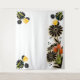 This tapestry design showcases a captivating blend of black daisies, set against a delicate background. A trio of vibrant orange and yellow tulips adds a burst of colour, creating a dynamic contrast. The interplay of light and shadow brings depth and dimension to the floral elements, making this a striking piece for any room.
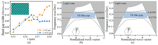 Figure 1a shows the normalized band gap width /, where is the band gap width and is the center frequency of the band gap. The normalized band gap width is given with respect to . The inset of Figure 1a can find the PhC slab prototype with structural parameter definitions, in which r is the radius of the air holes and a is the lattice constant. We keep a at 0.51 μm, z at 0.5 μm, and vary the radius value r from 0.15 μm to 0.18 μm. The normalized band gap width increases from 0.068911 to 0.116214 while we increase r. Moreover, when z is at 0.25 μm, a is at 0.515 μm, and we vary r, the normalized band gap width increases from 0.073506 to 0.087118. Based on the simulation analysis results, we obtain the optimized wide band gap for silicon-based PhC structures operating in the ~1550 nm wavelength range, as shown in Figure 1b,c. In such a case, the following structural parameters are chosen: a = 0.51 μm, r = 0.178 μm, z = 0.5 μm; and a = 0.515 μm, r = 0.178 μm, z = 0.25 μm.
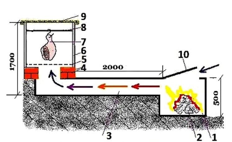 A feltüntetett tervrajz alapján jól látható, hogy nem nagy ördöngösség a házi füstölő kiépítése.  Jelmagyarázat: tűztér (1), fa (2), kémény (3), téglafal (4), fémrács (5), fából, vagy fémből készült kamra (6), felakasztott húsok, sonkák, kolbászok, stb. (7), tartórudak (8), háló (9), kisajtó (10).
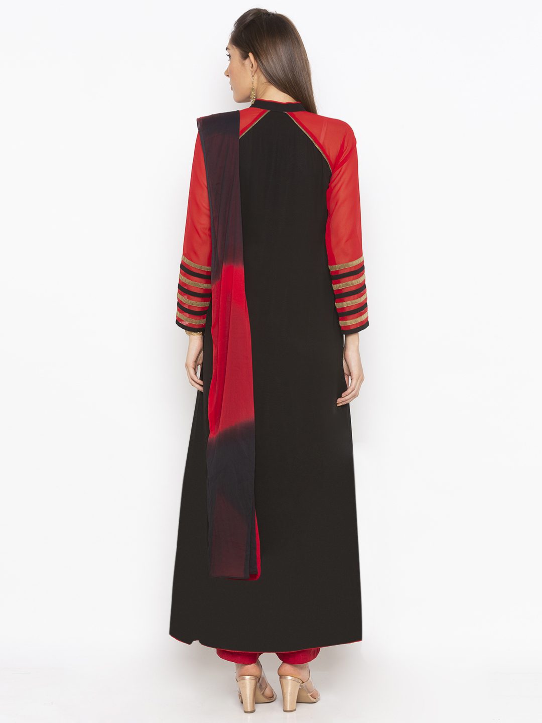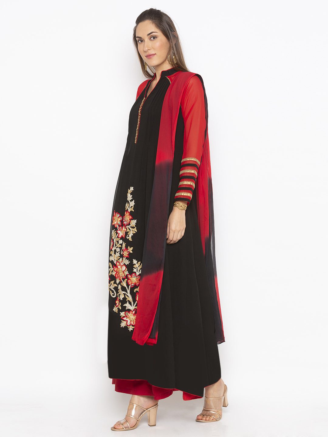 Black Georgette Pleated Full Length Flared Kurta With Red Georgette Raglan Full Sleeve Tissue Potlie Buttons And Piping Detailing On Neckline And Sleeves Edges ..Embroidered Applicque With Zari In The Front With Tissue Border And Piping Detailing On Hemline Wor With Red Palazzo.
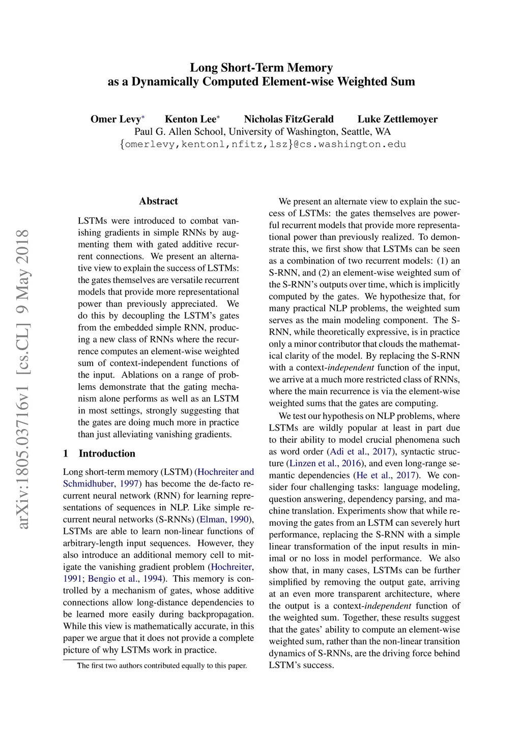 Long Short-Term Memory as a Dynamically Computed Element-wise Weighted
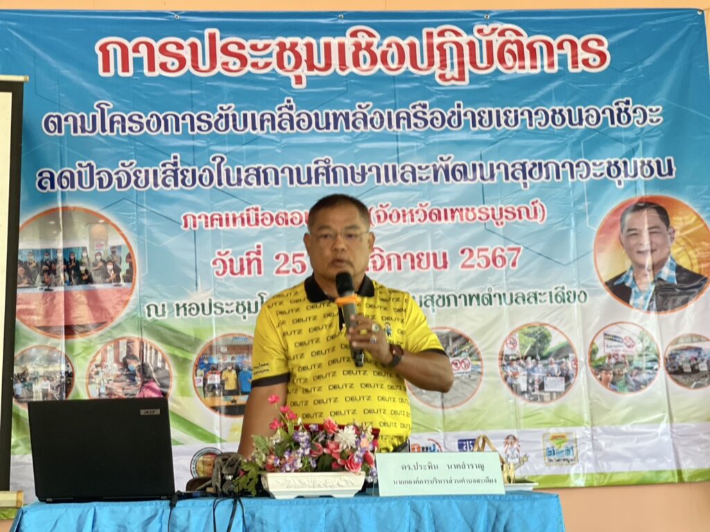 วันที่ 25 พฤศจิกายน 2567 ห้องประชุมโรงพยาบาลส่งเสริมสุขภาพตำบลสะเดียง อ.เมือง จ.เพชรบูรณ์ ดร.ประทิน นาคสำราญ นายกองค์การบริหารส่วนตำบลสะเดียง เป็นประธานเปิดโครงการ“การขับเคลื่อนพลังเครือข่ายอาชีวะลดปัจจัยเสี่ยงในสถาบันการศึกษาและพัฒนาสุขภาวะชุมชนภาคเหนือตอนล่าง มี ร.ต.ต.สุขสัณห์ ภิชัย คณะกรรมการสุขภาพแห่งชาติ เครือข่ายสื่อมวลชนจังหวัดเพชรบูรณ์และอาสาสมัครสาธารณสุขประจำหมู่บ้าน(อสม.) ของตำบลสะเดียง จำนวน 150 คน เข้าร่วม
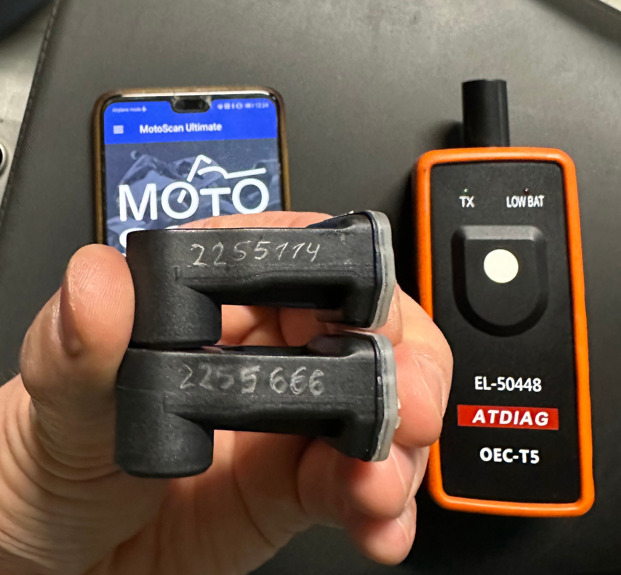 Каб абудзіць чуйнікі і прывязаць іх да матацыкла спатрэбіцца спецыяльная прылада TPMS EL-50448. Таксама купіў у кітайскіх сяброў за 20zł(5€), таксама клон арыгінальнай прылады.
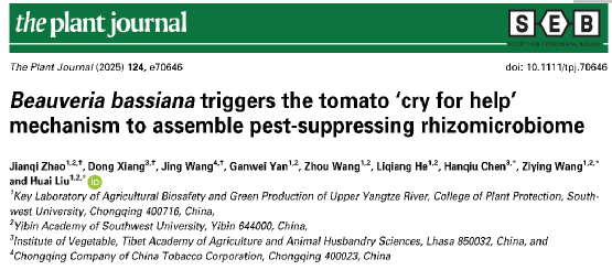 近日,学院刘怀教授团队在TOP期刊《the plant journal》发表研究论文“Beauveria bassiana triggers the tomato ‘cry for help’ mechanism to assemble pest-suppressing rhizomicrobiome”。该研究聚焦球孢白僵菌(Beauveria bassiana),为农业害虫绿色防控提供了新策略。
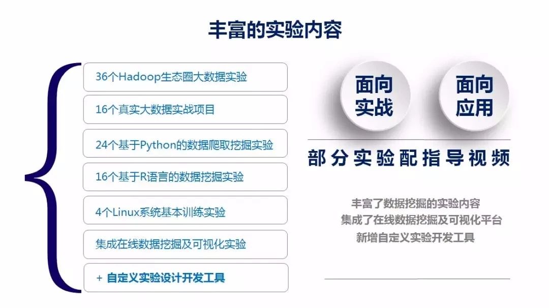 经过两年的更新升级,目前大数据实验平台集成了在线数据挖掘及可视化实验,在今年5月更新的2.1版本中,实验总数已经达到96个,其中包括实战实验21个。同时,平台优化实现了从创建环境-实验操作-提交报告-教师打分的实验流程,新增具有海量题库、自动生成、在线考试、辅助评分的考试系统,以及第三方实验开发工具集、自定义实验板块内容等。
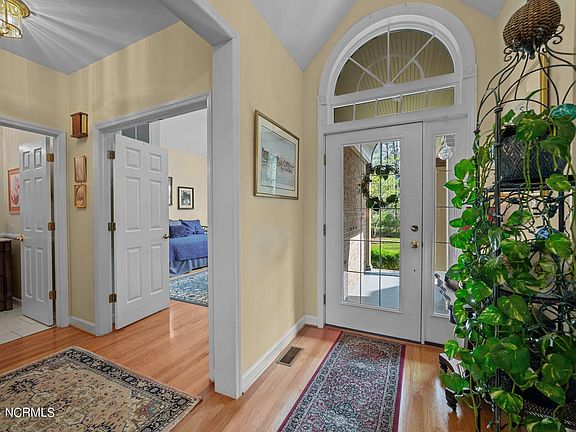 Nestled among the pines in the popular boating community of Pamlico Plantation, this 3 bedroom, 3 full bath custom built beauty is what you've been waiting for! Situated on a 1.03 acre wooded lot, this home features a gated entry, mature landscaping, inviting front porch, formal dining room for all of your holiday gatherings, Anderson windows & doors throughout, hardwood floors throughout the main living areas, and a large living room w/ soaring cathedral ceilings, tons of natural light, & a cozy fireplace w/ gas logs! The spacious kitchen offers custom cherry cabinets, recessed lights, built-in pantry storage, stainless steel appliances including a double oven, electric cooktop, dishwasher & French door refrigerator plus a breakfast nook w/ lots of windows overlooking your private backyard! There is a separate laundry room w/ a utility sink, storage cabinets & folding area plus a 2-car attached garage! The main level primary suite offers trey ceilings, double doors out to the screened-in porch, a HUGE walk-in closet w/ built-ins and an attached bath w/ double sinks, tile floors, jetted tub & a walk-in tiled shower! On the main level, you will also find an office w/ hardwood floors and a second full bath that could be used a main level guest suite! Upstairs, there are two guest bedrooms both with walk-in closets, a third full bath w/ tile floors, and a large bonus room w/ a skylight & walk-in finished storage areas! Enjoy your morning coffee or evening cocktail on your relaxing screened-in back porch! The back yard is truly an entertainers dream with a large deck for your summer BBQ's, outdoor shower, and a brand new hot tub! Wired workshop! This coastal community offers a gated entry, marina with assigned deep water boat slip, a pool overlooking Broad Creek & the Pamlico River, boat ramp, playground, nature trail, tennis & pickleball courts, RV/boat storage lot and many social events! Desirable Bath School District! Join the lifestyle today for just $549,000!
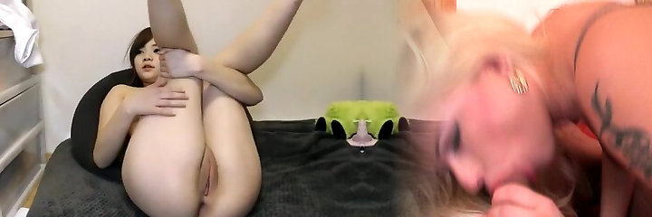 XXX Close-Up Asian Sex Scene Featuring Shaved Pussies and Flying Cum
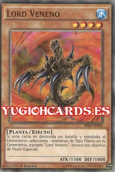 - BP03/IOC (Edición 25º Aniversario): Si esta carta es destruida en batalla y mandada al Cementerio: selecciona 1 monstruo de Tipo Planta en tu Cementerio, excepto "Lord Veneno"; Invoca ese objetivo de Modo Especial.
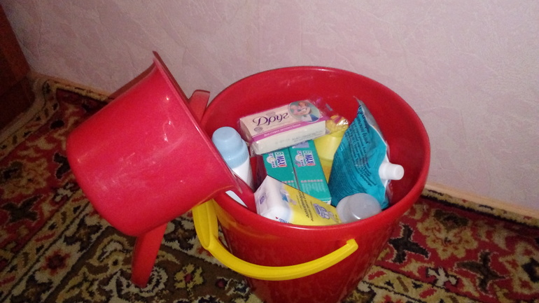 Есть еще такое ведерко над которым ржет муж ну а что вдруг я потом не выберусь а он не купит что мне нужно там детские гели,порошки,хоз.мыла и кондеры

▶ [AIM OF THE TASK]:
Leave out the images and write out the lines above exactly, from the one with "Long Short-Term Memory" up to and including the one with "Каб абудзіць чуйнікі".

▶ [SOLUTION TO THIS TASK]:
 Long Short-Term Memory as a Dynamically Computed Element-wise Weighted
 วันที่ 25 พฤศจิกายน 2567 ห้องประชุมโรงพยาบาลส่งเสริมสุขภาพตำบลสะเดียง อ.เมือง จ.เพชรบูรณ์ ดร.ประทิน นาคสำราญ นายกองค์การบริหารส่วนตำบลสะเดียง เป็นประธานเปิดโครงการ“การขับเคลื่อนพลังเครือข่ายอาชีวะลดปัจจัยเสี่ยงในสถาบันการศึกษาและพัฒนาสุขภาวะชุมชนภาคเหนือตอนล่าง มี ร.ต.ต.สุขสัณห์ ภิชัย คณะกรรมการสุขภาพแห่งชาติ เครือข่ายสื่อมวลชนจังหวัดเพชรบูรณ์และอาสาสมัครสาธารณสุขประจำหมู่บ้าน(อสม.) ของตำบลสะเดียง จำนวน 150 คน เข้าร่วม
 Каб абудзіць чуйнікі і прывязаць іх да матацыкла спатрэбіцца спецыяльная прылада TPMS EL-50448. Таксама купіў у кітайскіх сяброў за 20zł(5€), таксама клон арыгінальнай прылады.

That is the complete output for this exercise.